Molecula’s Engineering team is a group of brilliant makers and doers passionate about building world class products and solutions that make AI and ML possible for all. They take really challenging technical problems and turn them into elegantly simple yet incredibly complex solutions that delight our users. Most of all, they take pride in their craft and are a collaborative bunch that truly cares about the team, clients, company, and opportunity.
Molecula is looking for a Principal Site Reliability Engineer (SRE) to join our Engineering team. With your expertise in software and systems engineering, you will help us build and operate large-scale, distributed, fault-tolerant systems that will allow our users to push the boundaries on how data is accessed today. You will provide technical leadership across cross functional software, infrastructure, data, security, and product teams to ensure we deliver the most reliable and stable feature store ever.
- Participate in design of major software components, systems, and features to improve the reliability and availability, scalability, latency, and efficiency of Molecula’s services.
- Improve our infrastructure capabilities by guiding the definition of service level objectives for Molecula services.
- Provide guidance to other team members on customer deployments, monitoring, observability, and capacity planning
- Lead post-incident review and drive practices around blameless analysis, resolution, and continuous improvement work with cross-functional teams.
- Evangelize a culture of reliability and help mentor and train other team members on designing automation in order to meet service level objectives.
- Manage individual projects priorities, deadlines, and deliverables.

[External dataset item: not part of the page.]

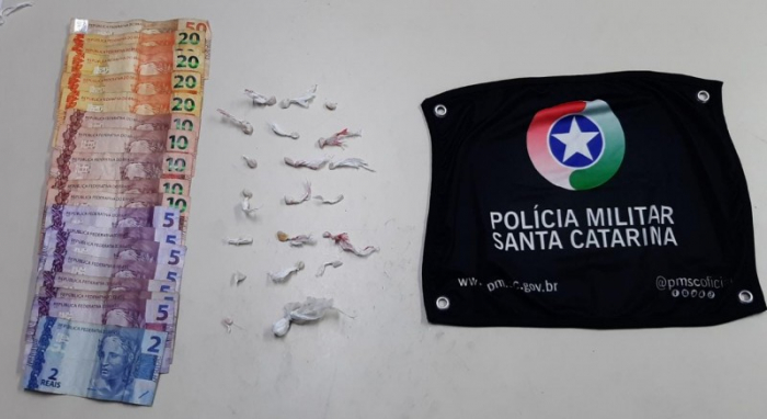 Um jovem foi preso por tráfico de drogas na noite dessa terça-feira, dia 30, por voltas 23h30, no bairro Renascer em Criciúma. O jovem carregava em seu bolso 19 invólucros plásticos com crack e um com cocaína, além de dinheiro.

- Work closely with Product and Software developers to ensure that security and operations are considered throughout the entire development cycle.
- 10+ years of software development experience with at least 5 years focused in a DevOps or Site Reliability Engineer (SRE) role
- Experience with Go, Rust, C, or Python, or similar programming languages
- Experience with observability and automations for SaaS products
- Bachelor’s degree in Computer Science, similar technical field of study, or equivalent practical experience.
- Experience designing, analyzing, automating and troubleshooting large-scale distributed systems
- Experience in networking, security, hardware or OS performance tuning
- Experience with CI/CD pipelines such as GitLab, Azure DevOps, CircleCI to create end-to-end pipelines for all staging environments (Dev, Test, UAT, Production) is a plus.